Rule Applier Example

This notebook contains an example of how the Rule Applier can be used to apply Iguanas-readable rules to a dataset.

Requirements

To run, you’ll need the following:

  • A dataset containing the same features used in the rules.


Import packages

[16]:
from iguanas.rule_application import RuleApplier
from iguanas.metrics.classification import FScore

import pandas as pd

Read in data

Let’s read in some dummy data.

[17]:
X = pd.read_csv(
    'dummy_data/X_train.csv',
    index_col='eid'
)
y = pd.read_csv(
    'dummy_data/y_train.csv',
    index_col='eid'
).squeeze()

Apply rules

Set up class parameters

Now we can set our class parameters for the Rule Applier. Here we’re specifying an additional metric to calculate for each rule (the F1 score). However, you can omit this if you just need to calculate the standard results (Precision, Recall and PercDataFlagged).

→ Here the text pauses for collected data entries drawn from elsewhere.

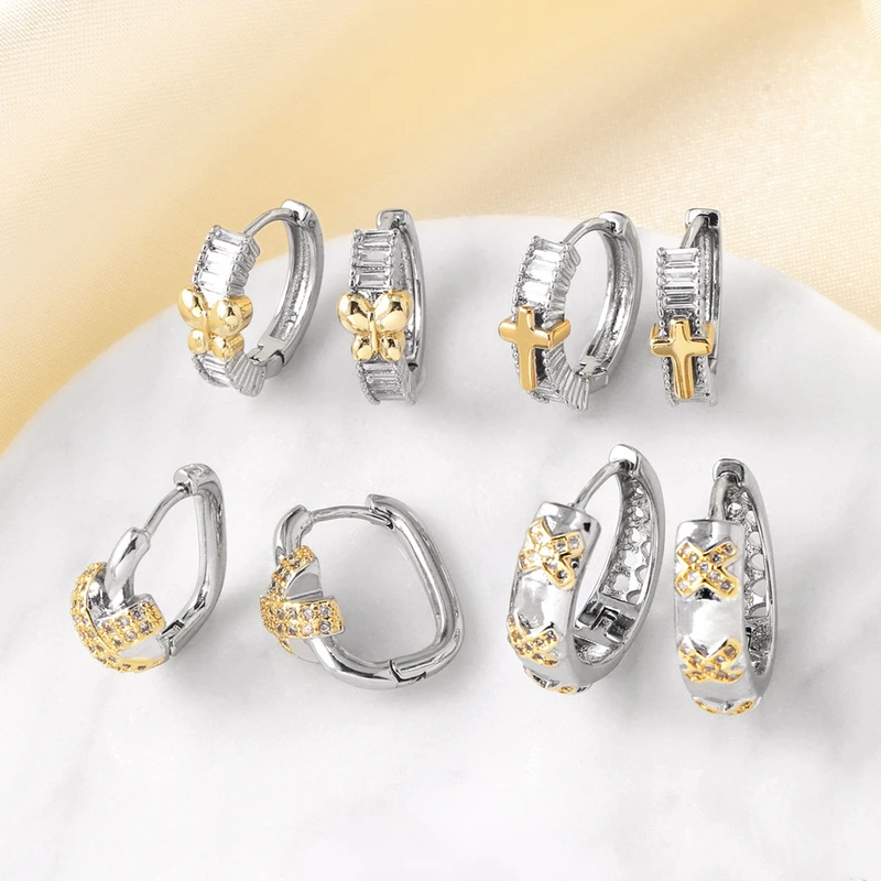 Boucles d'oreilles papillon en or plaqué cuivre 18 carats, bijoux de luxe, design de niche, boucles d'oreilles croix en zircon, erw25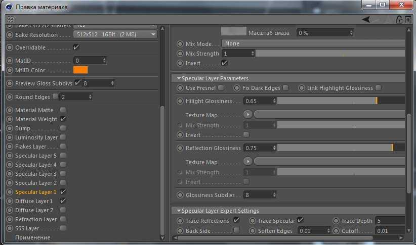 Таким образом, слой Diffuse Layer 1 и слой Specular Layer будут работать в идеальном режиме. Изменяем параметры отражения и светового блика: Reflection Glossiness до значения 0.75, а Hilight glossiness до 0.65.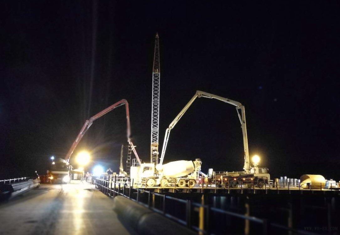 本项目主墩接纳钢板桩围堰,,,,,,,,钢板桩接纳PU22型板桩,,,,,,,,90度转角处使用C14板桩,,,,,,,,均自带配套锁扣用于密封止水。。。。。。自8月下旬最先,,,,,,,,历时18天,,,,,,,,完成北主墩施工平台拆除和钢围堰施事情业。。。。。。历时7天,,,,,,,,完成挖泥和封底前的准备事情。。。。。。北主墩封底厚度为2.0米,,,,,,,,水下封底1.7米,,,,,,,,抽水、割除护筒后,,,,,,,,找平0.3米,,,,,,,,总方量约为1200立方米。。。。。。此次封底施工设置12个布料点,,,,,,,,2台泵车浇筑混凝土,,,,,,,,南北侧两个工地搅拌站举行供料,,,,,,,,1台50吨履带吊,,,,,,,,10辆混凝土罐车配合施工。。。。。。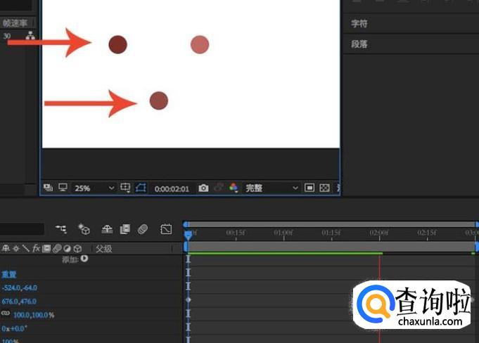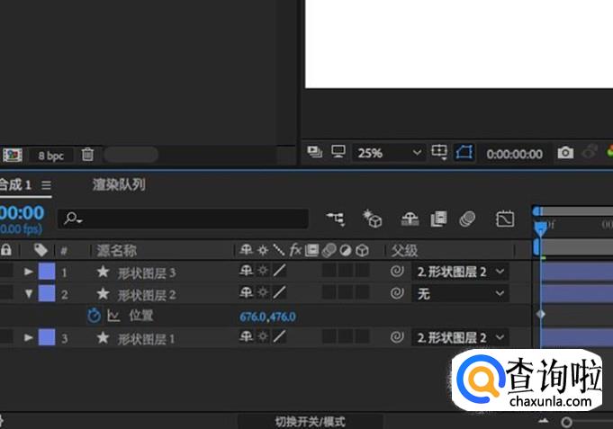 还有一点就是,在添加了子父级关系会后,子级的图层是没有显示关键帧的,在面板中我们只能够看到父级的关键帧。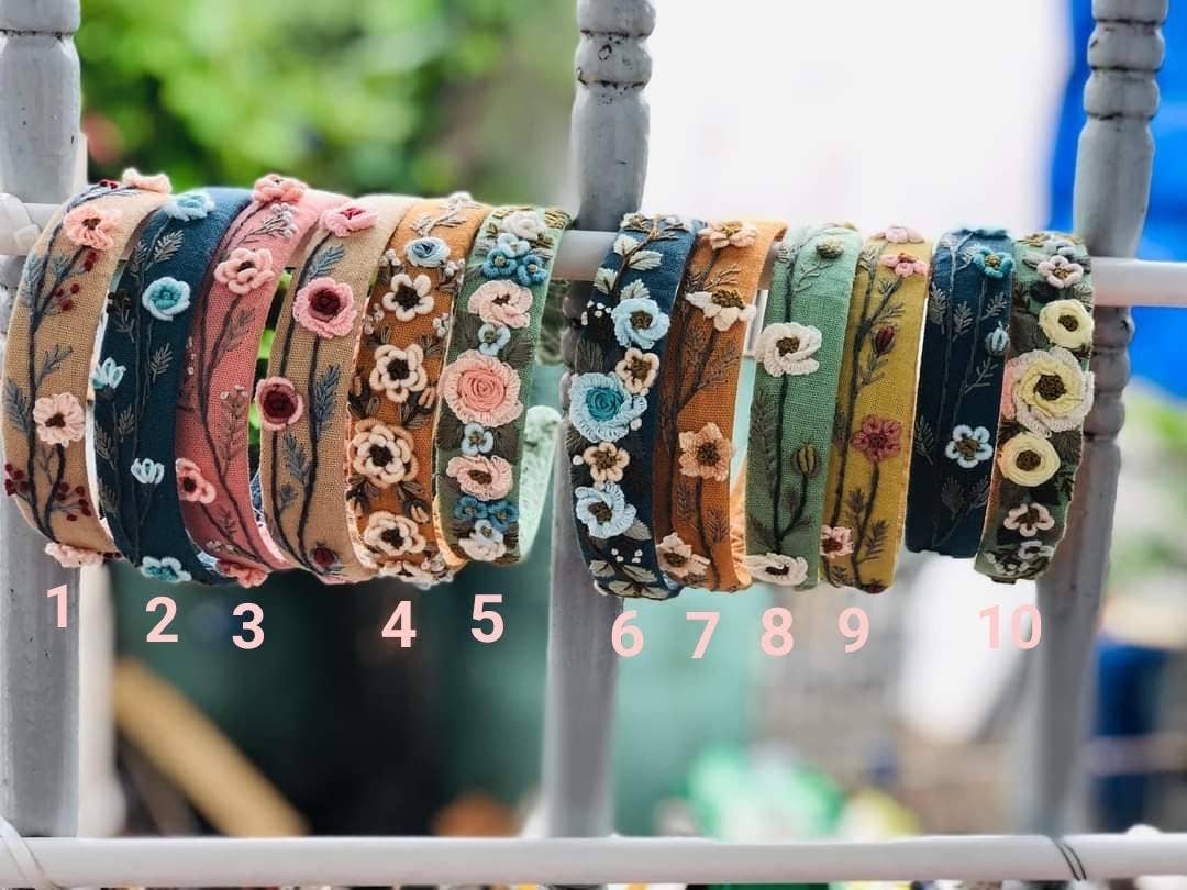 • This linen headband is carefully hand stitched with beautiful floral embroidery pattern. This unique design head piece will make a perfect hair accessory for your final look, can easily pair with any outfit in many occasions.

Please see the class docstring for more information on each parameter.

[18]:
fs = FScore(beta=1)
[19]:
params = {
    'rule_strings': {
        'Rule1': "(X['account_number_num_fraud_transactions_per_account_number_1day']>=1)",
        'Rule2': "(X['account_number_num_fraud_transactions_per_account_number_1day']>=1)&(X['account_number_num_fraud_transactions_per_account_number_30day']>=1)",
        'Rule3': "(X['account_number_num_fraud_transactions_per_account_number_1day']>=1)&(X['order_total']>50.87)"
    },
    'opt_func': fs.fit
}

Instantiate class and run

Once the parameters have been set, we can run the .transform() method to apply the list of rules to the dataset. Note that you can omit the y parameter if you have unlabelled data (however ensure that if you are providing an optimisation function to opt_func, it is not expecting a target column - see the optimisation_functions module for more information):

[20]:
ara = RuleApplier(**params)
X_rules = ara.transform(
    X=X,
    y=y,
    sample_weight=None
)

Outputs

The .transform() method returns a dataframe giving the binary columns of the rules as applied to the training dataset.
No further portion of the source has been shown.